[Items listed in a dataset]
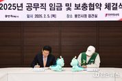 정안뉴스 안정주 기자 | 용인특례시는 5일 시청 접견실에서 시 소속 공무직 근로자를 대표하는 전국민주연합노동조합 용인지부와 ‘2025년 공무직 임금·보충 협약’을 체결했다고 밝혔다. 이날 체결식에는 이상일 시장과 최승덕 전국민주연합노동조합 용인지부장을 비롯한 노사 교섭위원 10여 명이 참석했다. 이번 협약에는 ▲직종별 기본급 3.2~3.7% 차등 인상 ▲국내 문화체험 제도 신설 ▲질병·육아휴직 복직자의 휴가권 확대 ▲생일 휴가 신설 등 근로 여건과 복지 수준을 개선하는 사항이 포함됐다. 노사 양측은 지난해 4월 24일 제1차 본교섭을 시작으로 본교섭 13회, 실무교섭 7회 등 총 20차례에 걸친 협의를 통해 올해 1월 잠정 합의안을 도출했다. 노조는 지난달 28일 조합원 찬반투표를 거쳐 협약을 최종 확정했다. 이번 협약에 따른 임금 인상분은 2025년 근무분에 대해 소급 적용된다. 이상일 시장은 “시의 어려운 사정을 헤아려 주고 협상을 잘 마무리해 주신 데 대해 감사드린다”며 “앞으로 시의 재정 여건이 점차 나아지게 될텐데, 여러분이 하고 있는 일들을 더 적극적으로 응원하고 지원하겠다”
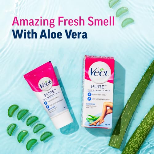 Get the smooth skin and the freedom to wear any look any time with Veet. Veet Pure Hair Removal Cream for Sensitive Skin enriched with Aloe Vera is the right solution when going to the salon is not an option. It effectively removes even short stubborn hair and leaves skin moisturized for up to 24 hours*. It can be used on legs arms bikini line and underarms for a perfectly finished smooth moisturized and exfoliated skin. Veet Pure Hair Removal Cream for Sensitive Skin gives you perfect hair removal results in just 5-10 minutes. Follow the steps mentioned on the pack using the spatula provided. Before using the product please read pack precautions carefully. With regular use; get fewer finer and softer hair growing back!
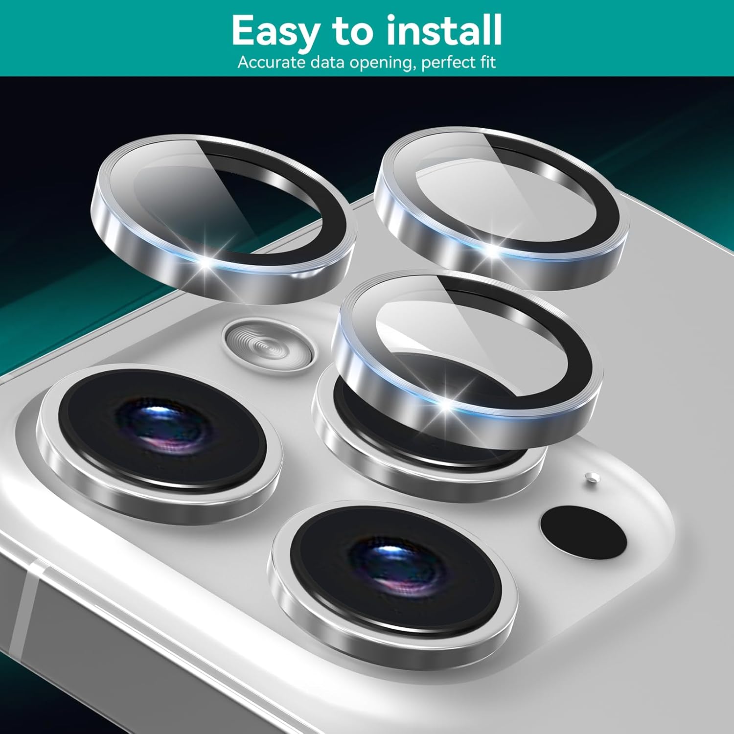 【Highly Optically Transparent】This camera lens protective ring is designed according to the original size of the iPhone 15 Pro/15 Pro Max.We choose 9h hard tempered glass and 99.99% optical-grade light transmittance. No fog, No residue, No blue light when using flash, No influence to your new phone original image performance.
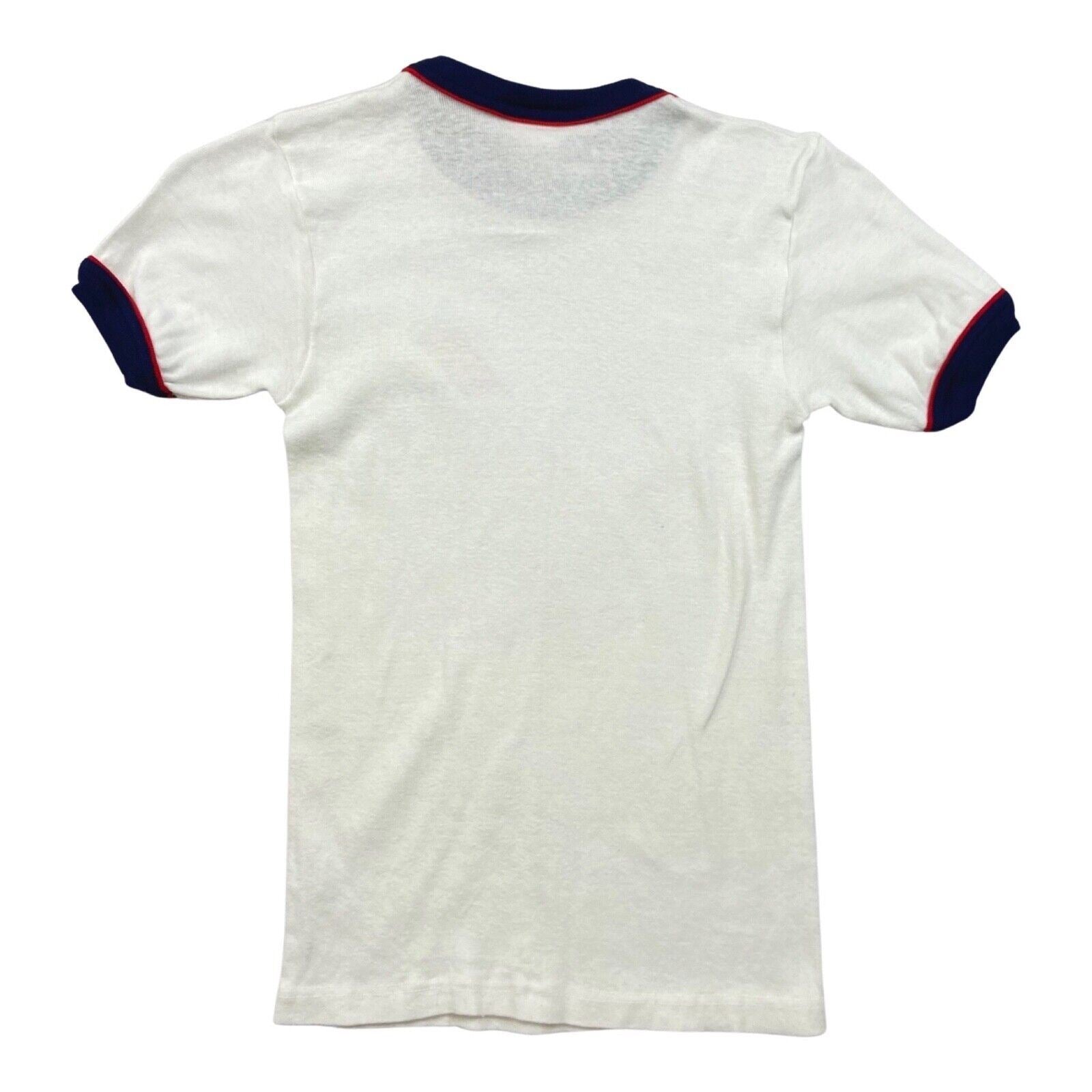 Vintage 90s 00s Y2K White Blue Yamaha Ribbed Fitted Baby Tee XS 6
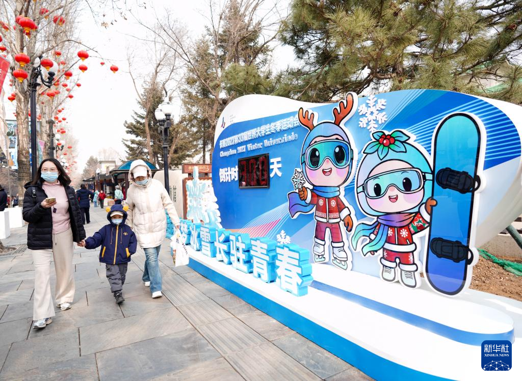 当日,长春和吉林举行了多项嘉年华庆祝活动,流行音乐会、大型光影秀、非遗传承展示等活动轮番上演。在吉林中旅松花湖滑雪度假区,大冬会吉祥物人偶脚踏雪板,与由300名大学生和滑雪爱好者组成的方阵并肩在雪道上顺势滑行,区域内多块大屏幕上展示着会徽和吉祥物图案,营造出浓厚的大冬会氛围,“文体旅”融合特色进一步彰显。

_WHAT THE TASK REQUIRES_: Word for word, give again the lines from the line with "original image performance." through the end of the records above, with both ends included and the pictures left out.

_ANSWER SPACE_:
 【Highly Optically Transparent】This camera lens protective ring is designed according to the original size of the iPhone 15 Pro/15 Pro Max.We choose 9h hard tempered glass and 99.99% optical-grade light transmittance. No fog, No residue, No blue light when using flash, No influence to your new phone original image performance.
 Vintage 90s 00s Y2K White Blue Yamaha Ribbed Fitted Baby Tee XS 6
 当日,长春和吉林举行了多项嘉年华庆祝活动,流行音乐会、大型光影秀、非遗传承展示等活动轮番上演。在吉林中旅松花湖滑雪度假区,大冬会吉祥物人偶脚踏雪板,与由300名大学生和滑雪爱好者组成的方阵并肩在雪道上顺势滑行,区域内多块大屏幕上展示着会徽和吉祥物图案,营造出浓厚的大冬会氛围,“文体旅”融合特色进一步彰显。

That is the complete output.